Yes, may be Rooney, cordially praised by Hodgson after the Ukraine game and evidently in line to be welcomed back, but will he be worth it? Last summer in the EUROs Rooney played twice and looked mediocre in both games. True he scored the crucial goal against Ukraine, but that was a point blank header he could hardly miss, while in the first half, he had wasted an excellent chance, such as in former happier days he’d have happily put away without trouble.

He played only those two games as we know, because he was serving out a suspension, imposed for a petulant and all too typical foul while playing against Montenegro. Previously, in the 2006 World Cup, he had been expelled in the match against Portugal while in South Africa in 2010 his contribution had been negligible. It was surely significant that in the United home match against Fulham when he was badly injured he had started the game on the substitutes bench. Hodgson clearly has faith, but the operative word might rather be hope.

The return of John Terry and Ashley Cole, both missing against Ukraine, would surely and materially improve the defence. Lescott and Jagielka who once played inside one another at Everton were an unimpressive pair against Ukraine. Whatever Terry’s vicissitudes — and it does seem absurd of the FA to charge him with racial abuse of Anton Ferdinand when the magistrates court have absolved him — he dominates central defence and is a huge influence on his colleagues. Cole, his Chelsea team-mate, who defended him in court and is of course black himself, is a far more versatile and incisive player than Leighton Baines, who stood in for him against Ukraine.

The return from injury of Scott Parker in central midfield would give the defenders behind him an essential ally, capable of winning the ball, which Cleverley does not and Michael Carrick, proposed as an alternative, has not been recently impressive, even in Moldova. Then there is of course Gareth Barry, who is another capable of giving some solidity to an England midfield which found it hard to contain the Ukrainians.

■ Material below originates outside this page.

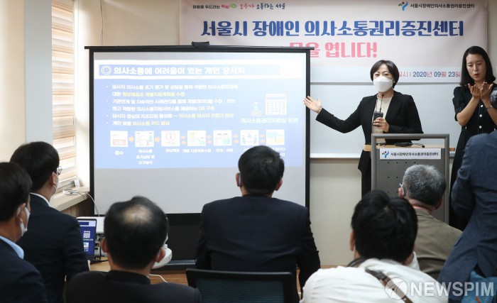 [서울=뉴스핌] 김학선 기자 = 23일 오후 서울 영등포구 중앙보훈회관에서 열린 '장애인 의사소통 권리증진센터' 개소식에서 김경양 센터장이 사업소개를 하고 있다. 서울시는 이날 의사소통이 곤란한 장애인들이 불편 없이 의사표현을 할 수 있도록 전문적 서비스를 제공하는 '장애인 의사소통 권리증진센터'를 개소했다. 2020.09.23 yooksa@newspim.com

But if Welbeck plays what of Jermain Defoe, who may or may not have scored a valid goal in the first half, when he was deployed as sole striker? When he and Welbeck were both on the field, the English attack looked effective. The general tendency to deploy one man bands upfront seems to me a doubtful and overcautious one, though goodness knows that England’s initial 4-5-1 formation scarcely looked watertight.

The teenaged Oxlade Chamberlain ran into too many blind alleys against Ukraine though his talent and promise are beyond doubt. It’s still hard to know why Hodgson ignored that natural winger, Aaron Lennon of Spurs.